The residential palace was serviced by its own large artificial harbour now known as the Birket Habu, a 200,000 square metre harbour basin, built by Amenhotep to enable easy passage to Waset across the Nile. The artificial hills still in existence around the Birket Habu are evidence of the massive undertaking to create it. The harbour also formed the part of the setting for Amenhotep’s Sed-festival which was celebrated three times in his reign, the first of which marked his newly deified state as Aten Tjehen or the Dazzling Aten. The desert altar at Kom al-Samak, which was probably connected to the residential palace by a causeway, was integral to the king’s Sed-festivals.



                  RUINS OF AMENOPHIS III'S DJA-RUKHA PALACE

Dja-rukha’s location on the West Bank was probably a strategic one. Unlike other rulers who had taken up temporary residence in courts connected with Karnak when festive and sacred occasions required their attendance, Amenhotep went against established custom by building a permanent residence across the river. Its location may have signified a calculated move to distance himself from the interference in his affairs by the increasingly powerful sect of Amun.

Due to Amenhotep’s practice of marrying foreign princesses to consolidate Egypt’s relations with its neighbours, the court would have been a relatively cosmopolitan one. Wives of royal birth such as the Mitannian princesses Gilukhepa and Tadukhepa brought with them hundreds of attendants. In addition, artisans from the Aegean islands who left a lasting legacy in the new stylistic conventions evidenced in the palace’s elegant murals must have brought with them other cultural influences. Combined, these things may have contributed to a polyglot domestic environment that affected the nature of the court at Dja-rukha in many subtle ways.

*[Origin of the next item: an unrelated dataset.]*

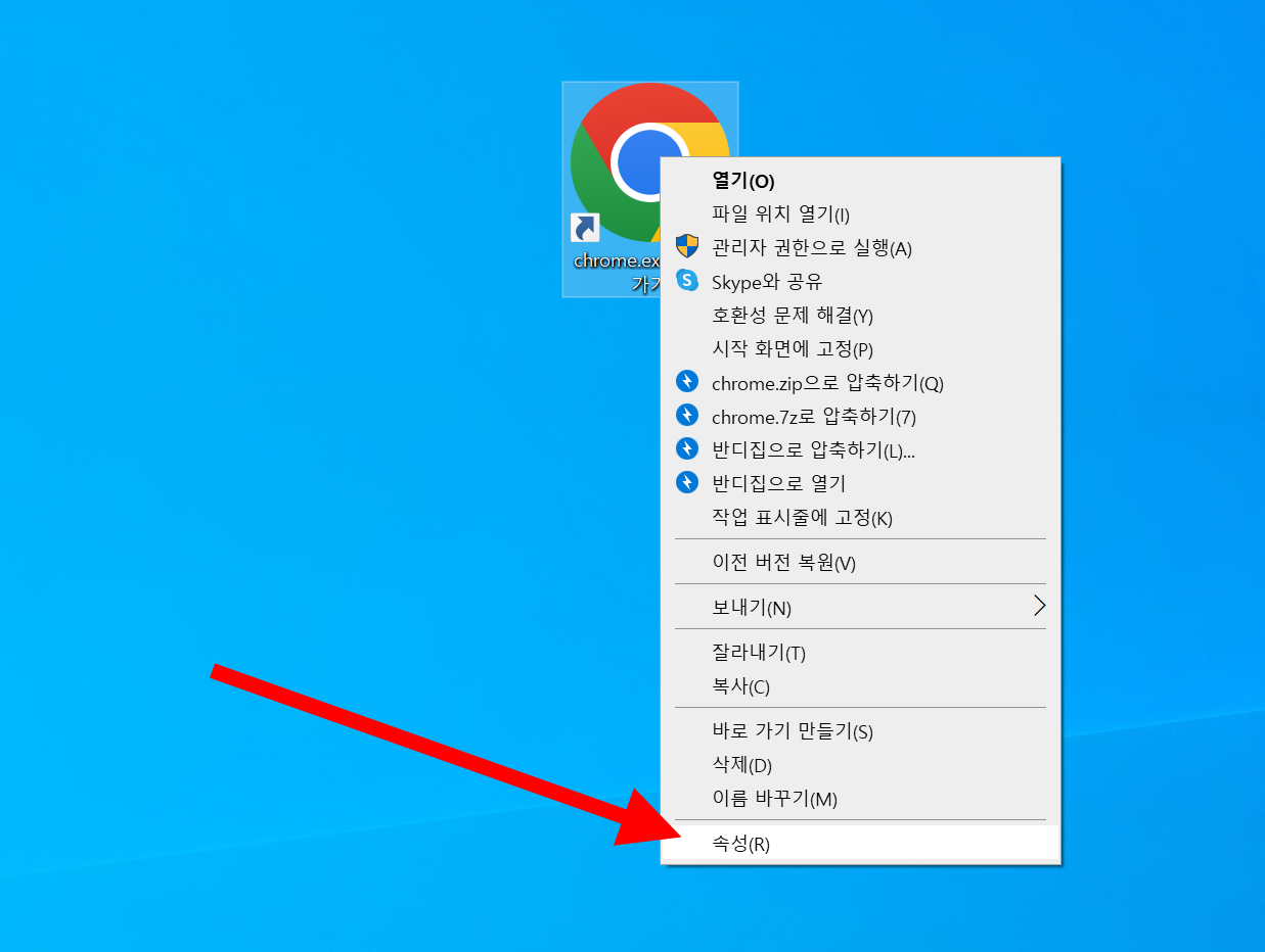 2)바로가기를 선택하고 마우스 우클릭하고 속성으로 이동합니다.

Built of painted mudbrick with wooden columns and roof beams, with stone used sparingly for the flooring of baths, column bases and door sills, the palace featured plastered walls that, in some rooms, were painted with murals depicting plants, animals and decorative motifs, their naturalistic style suggesting a direct Minoan influence. Existing fragments of the brilliantly coloured decorative murals that once graced the walls and now-fallen ceilings of the palace still suggest its beauty and elegance. Spiral patterns, rosettes and other repeating motifs hint at the Egyptian love of pattern and order.

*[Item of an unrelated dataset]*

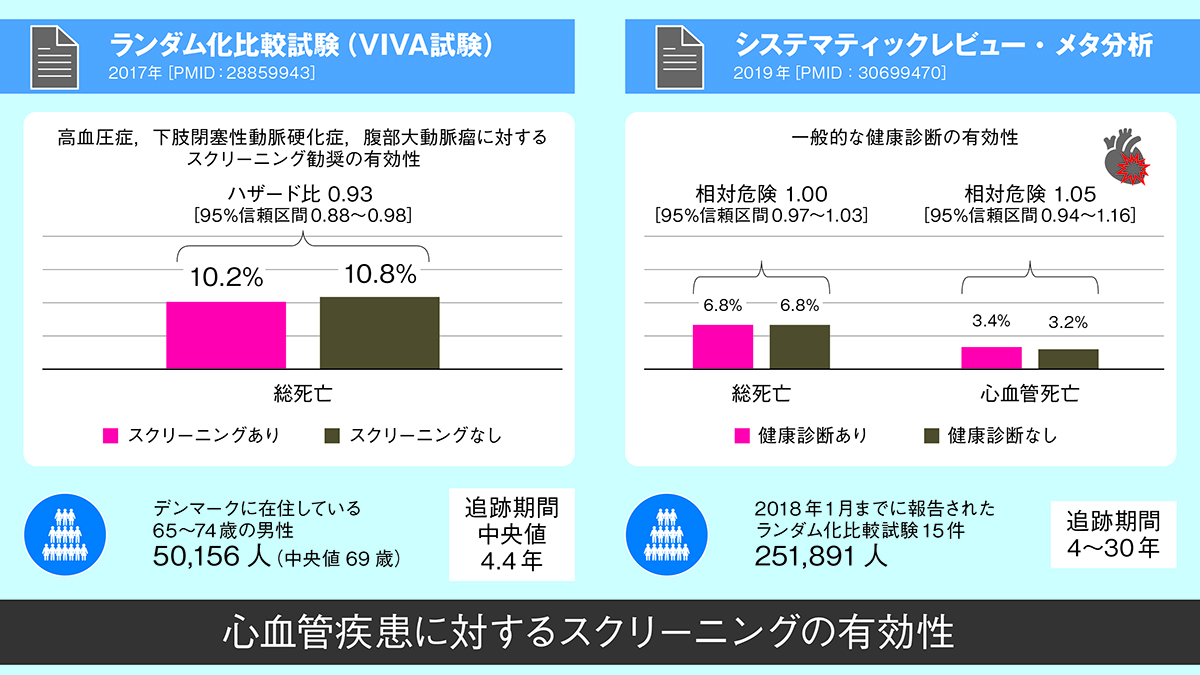 健常者を対象としたスクリーニングは,疾病の診断というよりは,疾病の早期発見を目的とした医学的介入の1つです。一般的に,疾病を早期に発見し早期に治療を受けることは,健康状態の維持や改善にとって重要だと考えられています。しかしながら,デンマークで実施されたDANCAVAS Ⅱ試験1)では,心血管疾患に対するスクリーニングを実施しても生命予後の改善に対する有効性は示されませんでした。

Known in Arabic as the ‘place of debris’, the Malkata site was relatively intact until 1888. Poorly handled excavations at that time and the removal of much material between 1910 and 1920 by New York’s Metropolitan Museum seriously impoverished the site. Further excavation occurred in the 1970s under the aegis of the University of Pennsylvania. From the mid 1980’s, a team from Waseda University in Japan re-excavated a number of the rooms including the Pharaoh's bedchamber in the main palace. Some sections of the site are still to be investigated. In time no doubt others will come to prise yet a little more information from the dust and the cracked mud remains.